- Other names: VPI
- Specialty: Oral and maxillofacial surgery

= Velopharyngeal inadequacy =

Velopharyngeal inadequacy is a malfunction of a velopharyngeal mechanism which is responsible for directing the transmission of sound energy and air pressure in both the oral cavity and the nasal cavity. When this mechanism is impaired in some way, the valve does not fully close, and a condition known as "velopharyngeal inadequacy" can develop. VPI can either be congenital or acquired later in life.

==Presentation==
===Relationship to cleft palate===
A cleft palate is one of the most common causes of VPI. Cleft palate is an anatomical abnormality that occurs in utero and is present at birth. This malformation can affect the lip and palate, or the palate only. A cleft palate can affect the mobility of the velopharyngeal valve, thereby resulting in VPI.

==Causes==
While cleft is the most common cause of VPI, other significant etiologies exist. These other causes are outlined in the chart below:

VPI flow chart compiled from the following sources: Johns, Rohrich & Awada, 2003 and Peterson-Falzone, Karnell, Hardin-Jones,& Trost-Cardamone, 2005

==Diagnosis==
===Classification===
The most frequent types of cleft palates are overt, submucous, and occult submucous.

==Treatment==
A common method to treat Velopharyngeal insufficiency is pharyngeal flap surgery, where tissue from the back of the mouth is used to close part of the gap. Other ways of treating velopharyngeal insufficiency is by placing a posterior nasopharyngeal wall implant (commonly cartilage or collagen) or type of soft palate lengthening procedure (i.e. VY palatoplasty).

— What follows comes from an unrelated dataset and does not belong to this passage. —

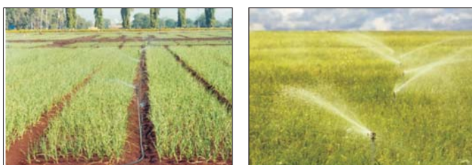
Micro irrigation in onion and garlic

Studies at MPKV, Rahuri revealed that highest bulb was obtained with drip irrigation at 100% CPE. Water-expense efficiency was higher with all rates of drip irrigation than with surface irrigation (Patel et al , 1996). Studies on the efficacy of the micro-sprinkler irrigation revealed increased yield of garlic with decrease in micro-sprinkler spacing by 38% (Pawar et al , 1998). The micro-sprinkler irrigation method was suitable for irrigating a close-growing crop like garlic by closely spacing the micro-sprinklers. Among the irrigation methods evaluated, drip irrigation at 100% PE recorded the highest marketable bulb yield in both the crops with 30-40% water saving in comparison with surface irrigation (Sankar et al , 2008, 2009).

==Inadequacy, insufficiency and incompetency==
Velopharyngeal insufficiency or incompetency are related labels for this phenomenon, in addition to most common generic- velopharyngeal inadequacy. Velopharyngeal insufficiency is the inability of the velopharyngeal sphincter to sufficiently separate the nasal cavity from the oral cavity during speech. Velopharyngeal incompetency occurs when the soft palate and the lateral/posterior pharyngeal walls fail to separate the oral cavity from the nasal cavity during speech. Although the definitions are similar, the etiologies correlated with each term differ slightly. However, in the field of medical professionals these terms are typically used interchangeably.